Studio album by Gatecreeper
- Released: 17 May 2024
- Studios: God City Studios (Salem, Massachusetts); Sound Signal Studio (Mesa, Arizona);
- Genre: Death metal
- Length: 37:19
- Label: Nuclear Blast
- Producer: Kurt Ballou

Gatecreeper chronology
| An Unexpected Reality (2021) | Dark Superstition (2024) |  |

Singles from Dark Superstition
- "Caught in the Treads" Released: 20 February 2024; "The Black Curtain" Released: 12 March 2024; "Masterpiece of Chaos" Released: 17 April 2024;

= Dark Superstition =

Dark Superstition is the third studio album by American death metal band Gatecreeper. The album was released on 17 May 2024. It is the first to feature bassist Alex Brown.

== Promotion ==
On 20 February 2024, Gatecreeper released their new single "Caught in the Treads".

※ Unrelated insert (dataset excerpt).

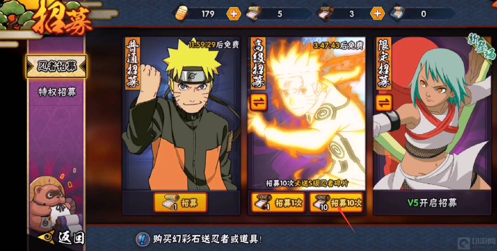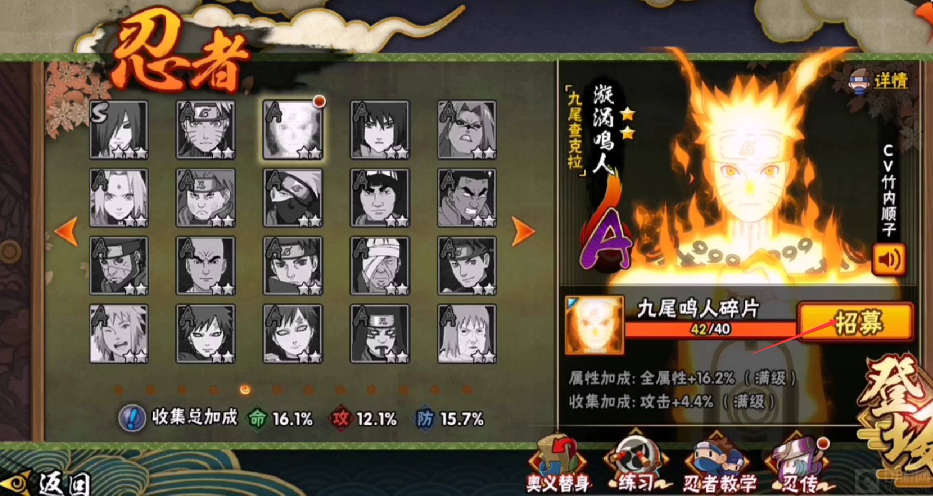 1.在火影忍者游戏的高级招募中,可以抽到金鸣碎片,建议玩家10连招募,必送S级忍者碎片。

Coinciding with the announcement of Dark Superstition on 12 March 2024, the album's second single "The Black Curtain" was released.

On 17 April 2024, one month before the release of the album, the third single "Masterpiece of Chaos" was released.

In May 2024, the band embarked on a tour in the United States, supporting Swedish melodic death metal band In Flames.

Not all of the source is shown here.